Delphi trained and implemented these methods
with a highly demanding audience — their own engineering team. DDM
is now in production in 13 manufacturing plants worldwide and in
2005 was used to document more than 3,000 processes. DDM has been
adopted across these production plants for streamlining the design
change process and for simultaneously delivering product and
manufacturing process designs.
Delphi’s Design Methodologies
enable product design and manufacturing process design to be tightly
integrated, thereby dramatically accelerating design cycle times by
automating the controlled propagation of design changes downstream.
The company has repeatedly measured and proven the business benefits
of standardizing and implementing DDM in global production. For
example, in one product design time study DDM enabled a 65% time
savings. In another study, DDM yielded a 90% time savings for
process designers. And in yet another, DDM reduced process sheet
creation time by 75% over previous techniques. According to a design
team supervisor, a recent design project at Delphi Steering would
have required 50% more designers were it not for their use of DDM.

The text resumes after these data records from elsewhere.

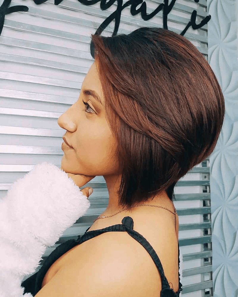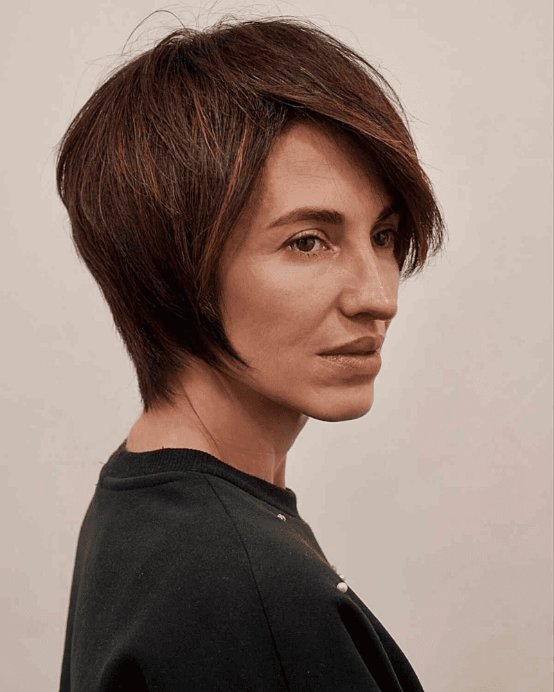 A brunette pixie bob with layers is a stunning medium-to-short haircut that highlights and frames the face. Layering adds body and movement, making the style easier to manage. While a pixie bob does need daily styling to maintain its polished look, the process is usually quick and simple.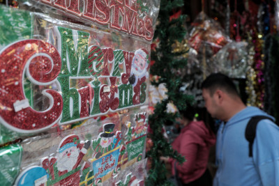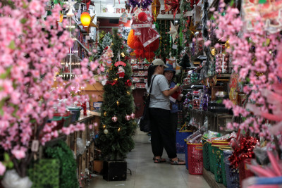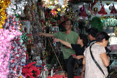 Selasa, 23 Desember 2025 - Menjelang perayaan Natal, kawasan Pasar Asemka du Kelurahan Pinangsia, Tamansari, Jakarta Barat, menjadi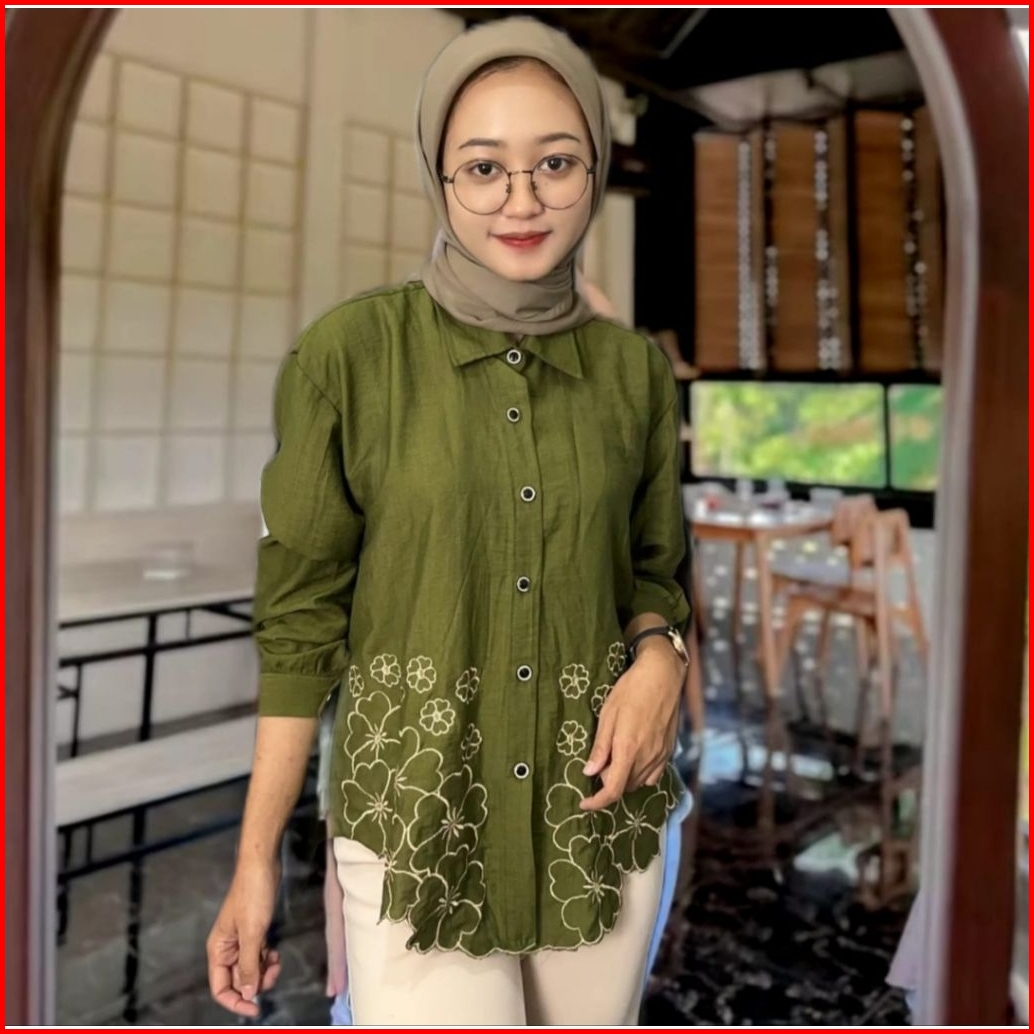 Kemeja Deanda Motif Bordir Kemeja Pololinen Kekinian Kemeja Blouse Korean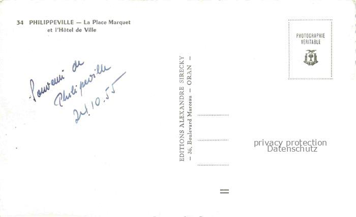 74112922 Philippeville Algerie La Place Marquet Hotel de Ville postalisch nicht gelaufen Erhaltung siehe scans [SanaeD93] KatCode: 18030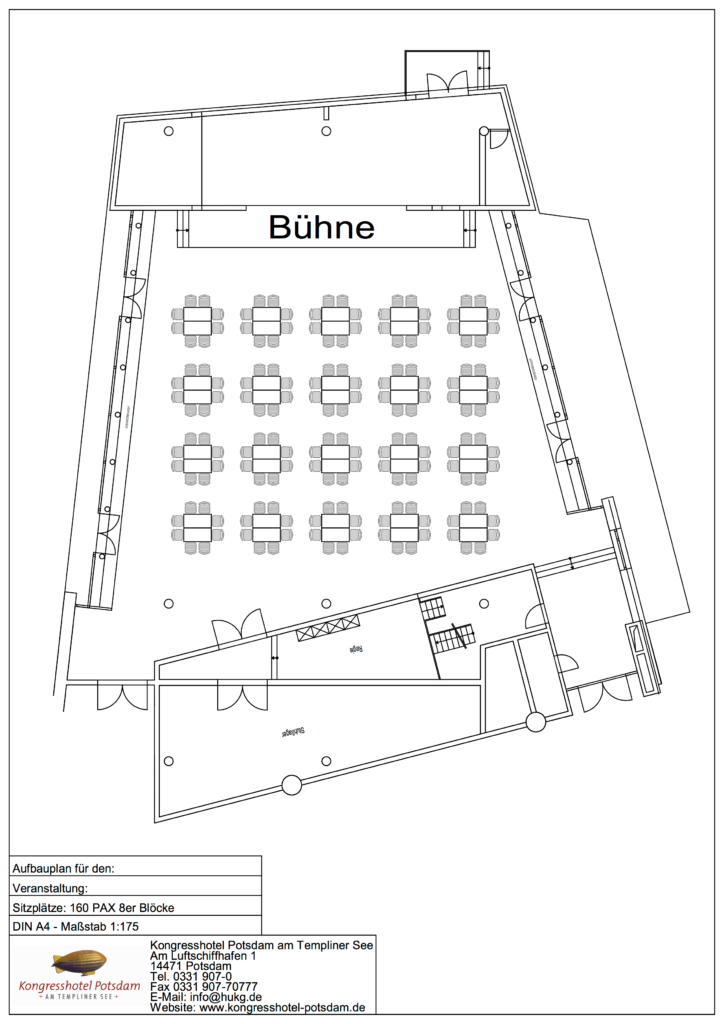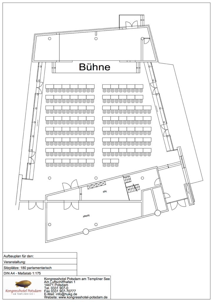 In addition to the Congress Hall, the foyer and exhibition area can also be used for your event. These areas also have real wooden parquet flooring and are suitable for ball events.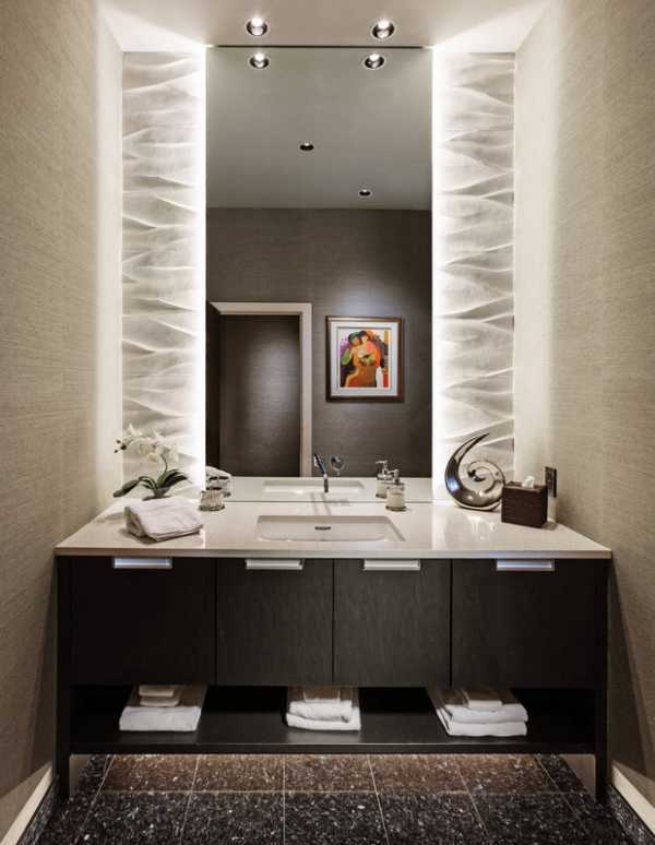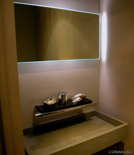 С таким же успехом это может быть зеркальный шкафчик, со встроенными LED-лентами.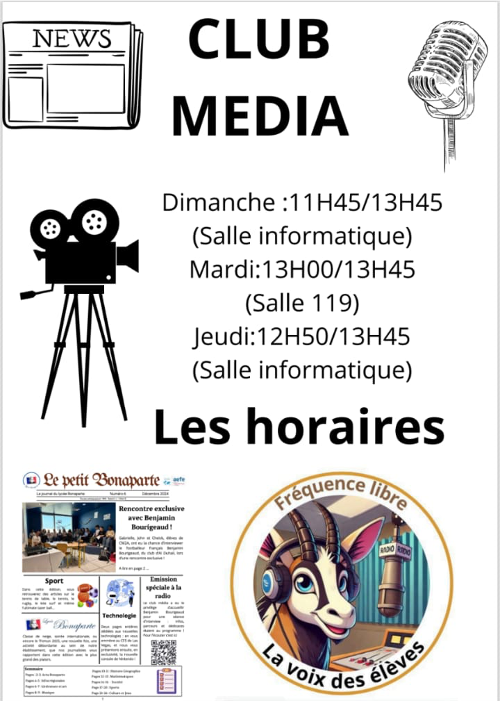 Au lycée Bonaparte, les clubs sont bien plus que des activités : ce sont des lieux de rencontre, de curiosité et de passion. Ils permettent à chaque élève de découvrir de nouveaux horizons, de développer ses talents et de s’impliquer dans la vie du lycée.

And, in another key measure of designer productivity, a typical CAD
designer at Delphi Steering now supports 30% more product and
process designs. This means the same team can design more products,
faster and with higher quality.
Manufacturers must strive for
excellence in managing and adapting to customer-driven change. A
culture of continuous improvement is the key to maintaining high
levels of responsiveness to customer requirements. Continuous
improvement is not possible until critical processes are
standardized. Thus, standardized work processes, based on clearly
defined customer value propositions, are the key to delivering
high-quality products, on time and as promised.
Delphi
Steering (Delphi Corp.)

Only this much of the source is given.